A Slack alert named “breeze buddy outcome correctness” (or another configured evaluator) has fired. A call just failed an LLM-judged evaluation — the bot said or did something wrong. This runbook gets you from “I got paged” to either “fixed” or “escalated” in under 15 minutes.
Prerequisites
- You are on-call and have Slack access.
- You have Langfuse viewer access on the configured base URL.
- You can reach the recording URL (GCS / S3 depending on deployment).
Symptom
The Slack message contains:
- Evaluator name (e.g.,
breeze buddy outcome correctness). - Trace ID (links to Langfuse).
- Call SID.
- Merchant ID.
- Reported outcome.
- Failure reason from the evaluator.
- Recording URL.
Diagnosis
Work through these in order. Most alerts resolve at step 2 or 3.
Step 1 — Confirm the alert is real
Open the Langfuse trace. Verify the evaluator actually ran, actually scored zero, and the reason is coherent. False positives from evaluator bugs happen; don’t chase them.
If the evaluator is clearly broken, mark the alert “evaluator bug” in thread and ping the evaluation team. Stop here.

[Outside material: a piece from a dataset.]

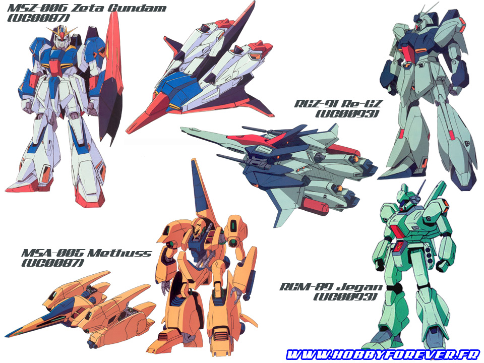 - le RGZ-95C ReZEL Commander Type Defender a-Unit : version commander équipée d'un nouveau backpack avec 6 pods à missiles et de thrusters additionnels pour compenser le poids supplémentaire de cet imposant équipement.

Step 2 — Listen to the recording
Open the recording URL. Listen to the last 60–90 seconds. You are trying to confirm the evaluator’s failure reason matches what the bot actually did.
- If the bot did the wrong thing: go to Step 3.
- If the bot did the right thing but the evaluator scored it wrong: evaluator bug — see Step 1 disposition.
- If the call ended abnormally (abrupt disconnect, telephony error): see Call troubleshooting instead.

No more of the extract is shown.